Scientific classification
- Kingdom: Plantae
- Clade: Tracheophytes
- Clade: Angiosperms
- Clade: Eudicots
- Clade: Rosids
- Order: Fabales
- Family: Fabaceae
- Subfamily: Caesalpinioideae
- Clade: Mimosoid clade
- Genus: Acacia
- Species: A. gelasina
- Binomial name: Acacia gelasina Maslin
- Synonyms: Racosperma gelasinum (Maslin) Pedley

= Acacia gelasina =

- Genus: Acacia
- Species: gelasina
- Authority: Maslin
- Conservation status: P2
- Synonyms: Racosperma gelasinum (Maslin) Pedley

Species of legume

Acacia gelasina is a species of flowering plant in the family Fabaceae and is endemic to the west of Western Australia.
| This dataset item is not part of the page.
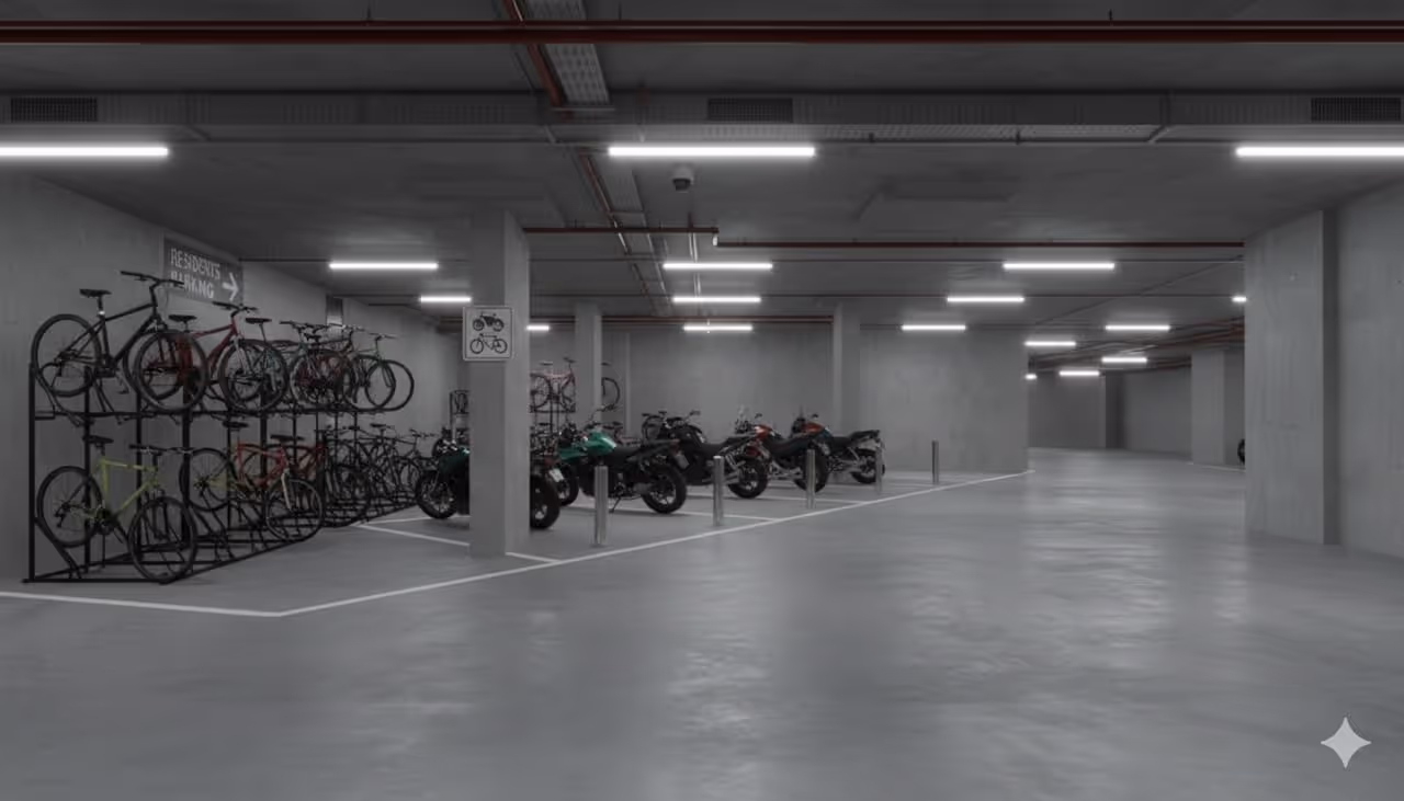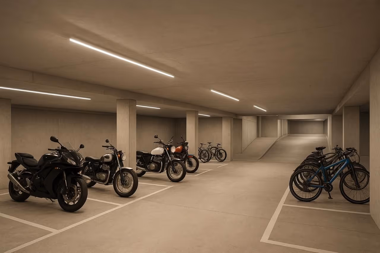 Amura Residences ofereix una varietat d'opcions d'aparcament privat dins de l'edifici, adaptades per satisfer les diferents necessitats d'espai i mobilitat. Les places d'aparcament es troben al garatge subterrani, amb accés directe des de les residències a través d'ascensor i escales, garantint la màxima comoditat, accessibilitat i seguretat. Hi ha disponibles diversos tipus d'espais: una plaça estàndard per a cotxes (20.000€), un espai ampli (22.000€) ideal per a SUV o vehicles familiars, i un espai reduït (17.000€) per a cotxes compactes. A més, la promoció inclou places per a motos (3.000€) i places per a bicicletes (250€). Totes les unitats d'aparcament estan numerades, clarament marcades, i dissenyades per permetre una circulació fluida dins del garatge.
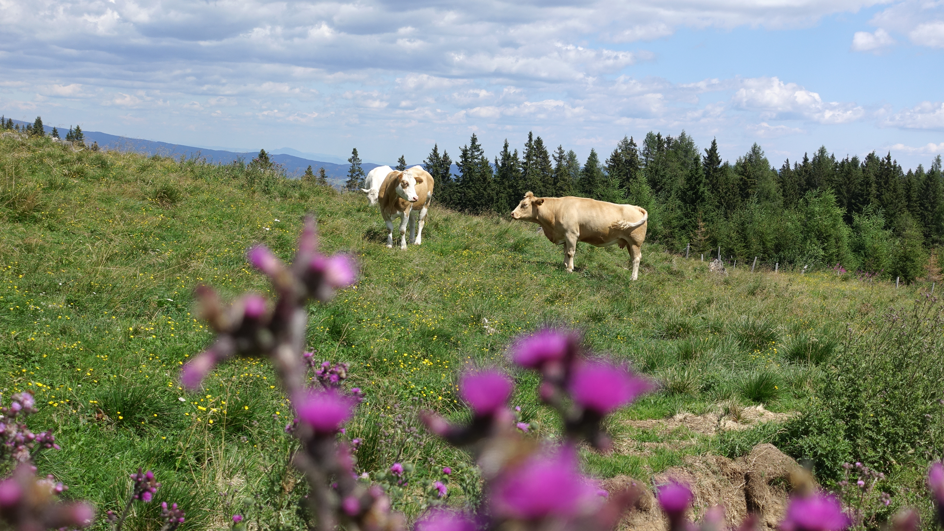 Supertolle Gegend! Die Saualm habe ich bisher wohl sträflich vernachlässigt, bietet sie doch genau die Gegend, in der ich so gerne unterwegs bin: Almen bzw. Wiesen über der Baumgrenze. Der Wind war an diesem Tag etwas nervig, aber die tolle Ladinger Hütte und das geniale Panorama in absoluter Postkartenlandschaft waren für mich die Highlights dieser Tour.

It is a dense, spreading, glabrous shrub with erect, lance-shaped phyllodes with the narrower end towards the base, spherical heads of pale yellow flowers and firmly papery to thinly leathery pods, rounded over the seeds.

==Description==
Acacia gelasina is a dense, spreading, glabrous shrub that typically grows to a height of 1–2.5 m. Its phyllodes are erect, lance-shaped with the narrower end towards the base, 40–100 mm long, 3–8 mm wide, thickly leathery and slightly rigid. The flowers are borne in up to six spherical heads in racemes 2–20 mm long on peduncles 10–20 mm long, each head with 35 to 50 pale yellow flowers. Flowering occurs from June to September, and the pods are narrowly oblong, up to 150 mm long, 12–14 mm wide, flat, firmly papery to thinly leathery, rounded over the seeds and slightly constricted between them. The seeds are round to broadly elliptic of broadly egg-shaped, somewhat flattened, dark brown to blackish and lack an aril.

==Taxonomy==
Acacia gelasina was first formally described in 1995 by Bruce Maslin from specimens collected by Alison Marjorie Ashby 46.5 km north of the Murchison River near the North West Coastal Highway in 1972. The specific epithet (gelasina) means 'a dimple', "referring to the shallow, circular depression on the lateral faces of the seeds".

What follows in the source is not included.